The DIP Borrower shall pay the reasonable, documented and invoiced expenses of advisors to the DIP Agent and DIP Lenders as set forth in the DIP Term Sheet and Commitment Letter, including the Deferred Fee (as defined in the Houlihan Engagement Letter).

Prepetition Indebtedness

The following chart provides a summary of the Debtors' significant third-party financial debt obligations as of the Petition Date:

Facility

 Principal Amount

Non-Vehicle Debt

Senior Notes

$2,700 million

Senior Term Loan

$656 million

Senior RCF

$615 million

Senior Second Priority Secured Notes

$350 million

Promissory Notes

$27 million

Vehicle Debt

HVF II U.S. ABS Program

$10,893 million

Donlen U.S. ABS Program

$1,592 million

U.S. Vehicle RCF

$93 million

European Vehicle Notes (estimated in USD)

$794 million

European ABS Program (estimated in USD)

$650 million

Hertz Canadian Securitization (estimated in USD)

$251 million

Donlen Canada Securitization (estimated in USD)

$27 million

Australian Securitization (estimated in USD)

$149 million

New Zealand RCF (estimated in USD)

$46 million

U.K. Financing Facility (estimated in USD)

$229 million

About the Debtors

According to the Debtors: "The Hertz Corporation, a subsidiary of Hertz Global Holdings, Inc., operates the Hertz, Dollar and Thrifty vehicle rental brands throughout North America, Europe, the Caribbean, Latin America, Africa, the Middle East, Asia, Australia and New Zealand.
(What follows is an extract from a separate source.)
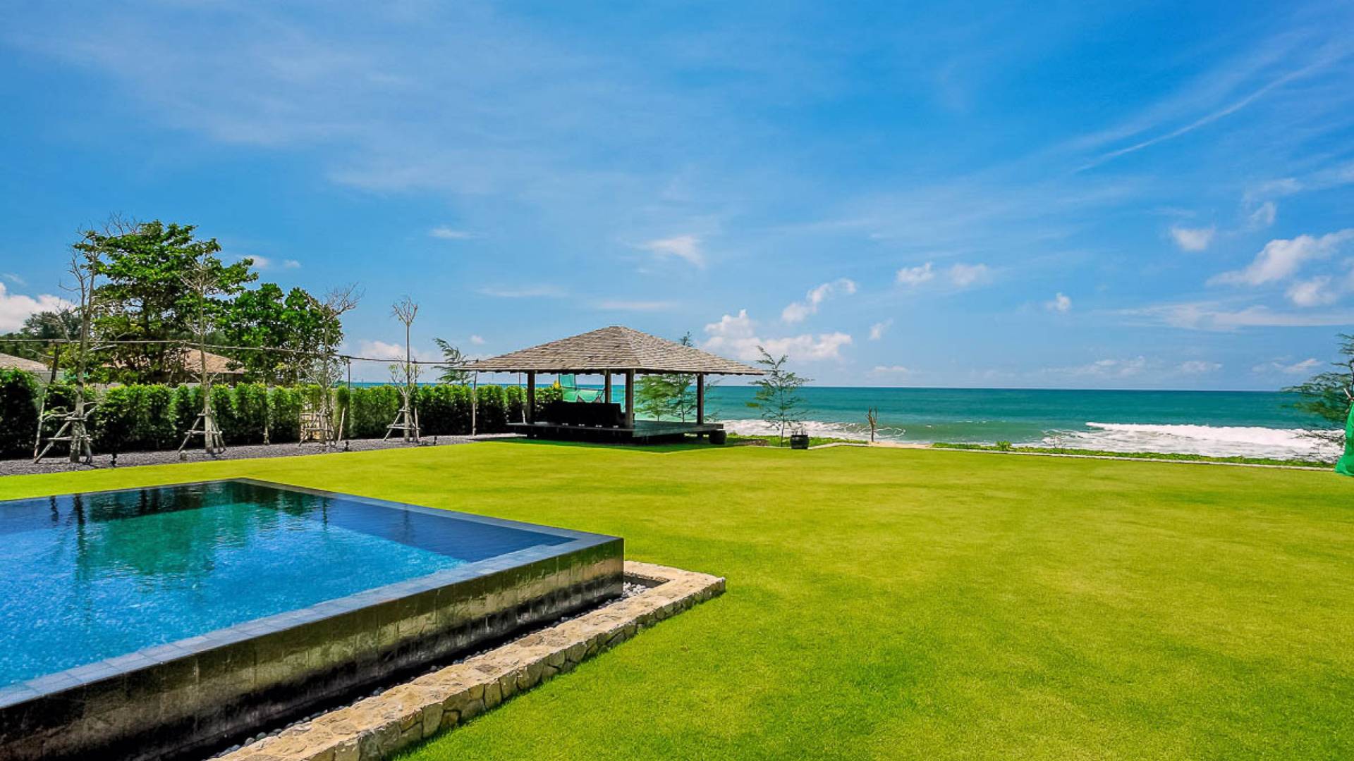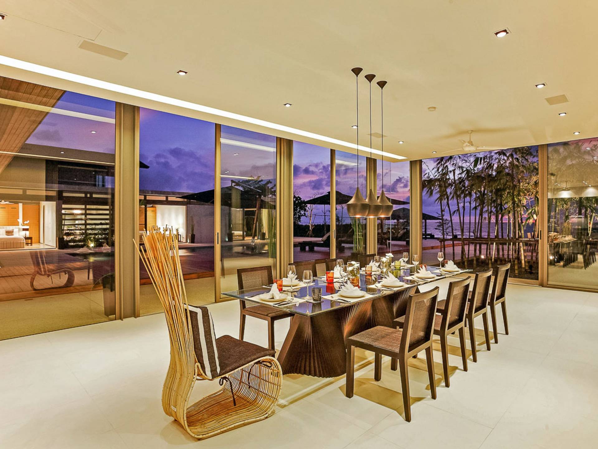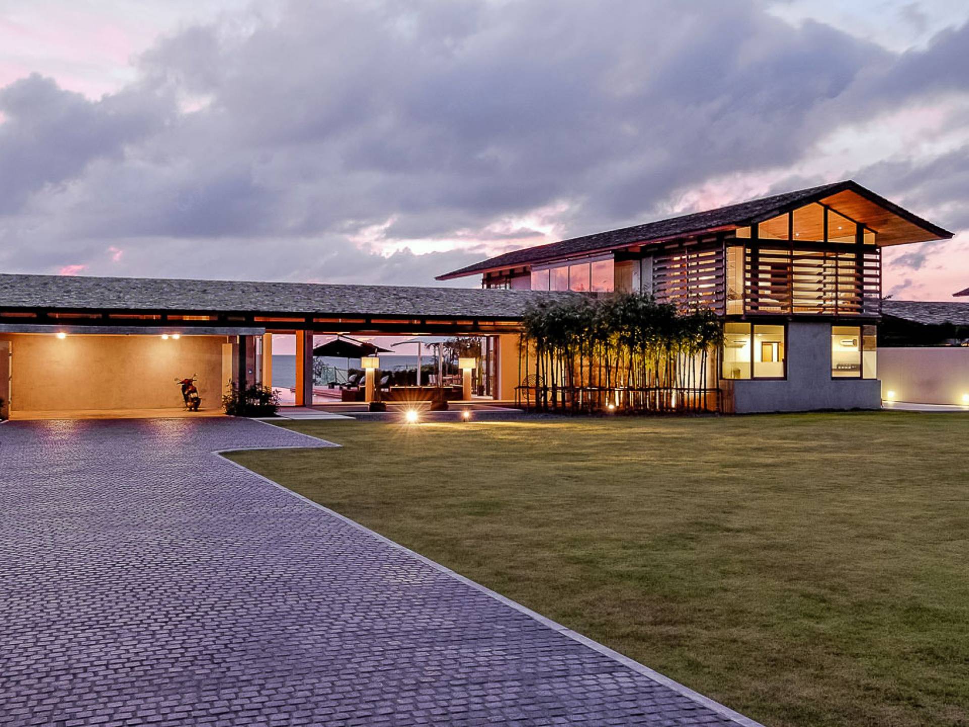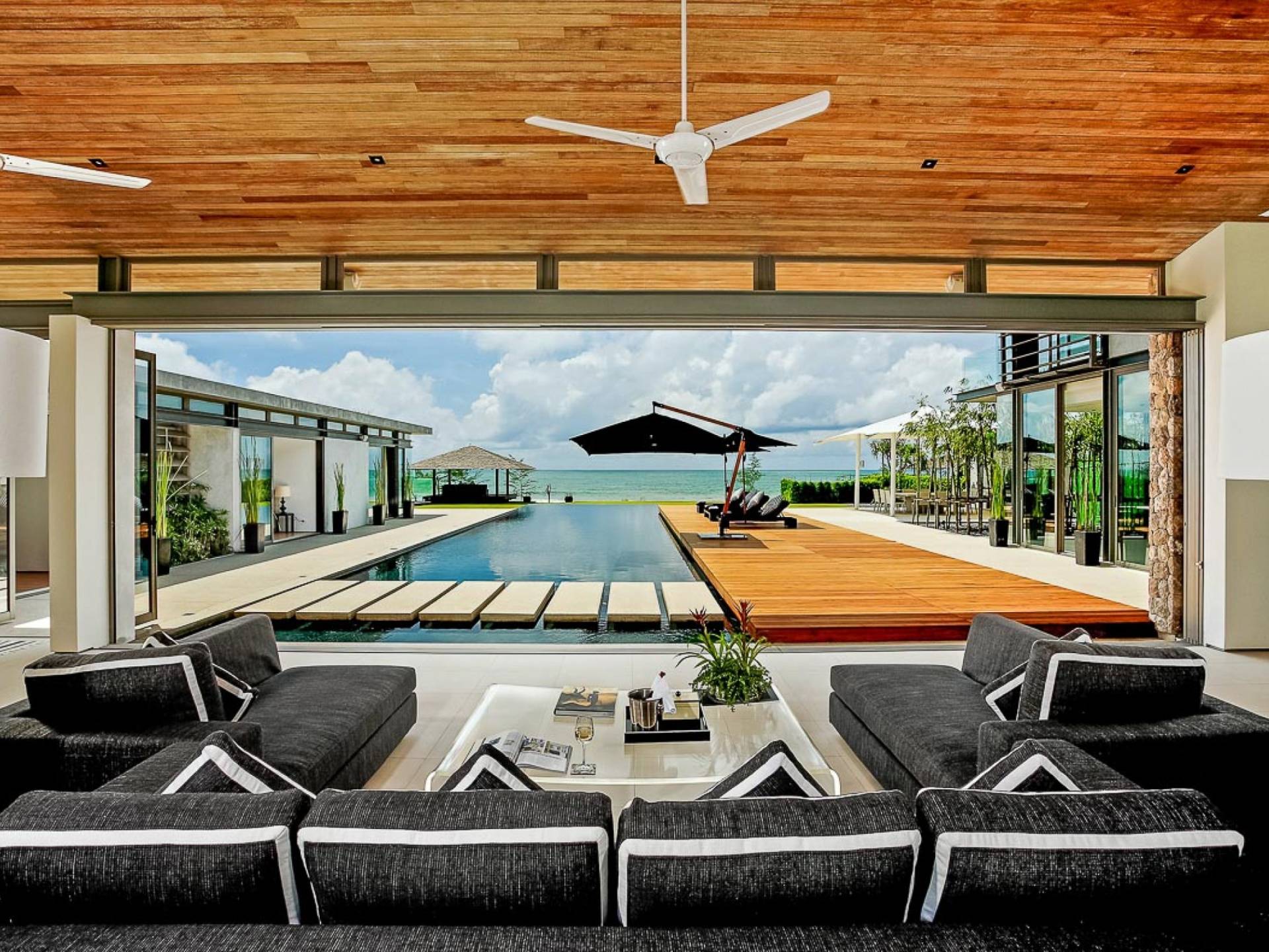 With almost an acre of beachfront land to play on, Villa Essenza is an outdoor lover’s dream home. Cool down and relish the sea views from the enormous infinity pool, then soak up the sun on one of the sun loungers that line the stylish deck. Perfect for events or informal family gatherings, the barbeque dining area is comfortably shaded by a canopy. On the beachfront lawn is a peak-roof sala offering prime sea views, while sports enthusiasts can make use of the villa’s volleyball and football equipment on the large lawn to the rear of the villa.

The Hertz Corporation is one of the largest worldwide vehicle rental companies, and the Hertz brand is one of the most recognized globally. Product and service initiatives such as Hertz Gold Plus Rewards, Ultimate Choice, Carfirmations, Mobile Wi-Fi and unique vehicles offered through its specialty collections set Hertz apart from the competition. Additionally, The Hertz Corporation owns the vehicle leasing and fleet management leader Donlen Corporation, operates the Firefly vehicle rental brand and Hertz 24/7 car sharing business in international markets and sells vehicles through Hertz Car Sales."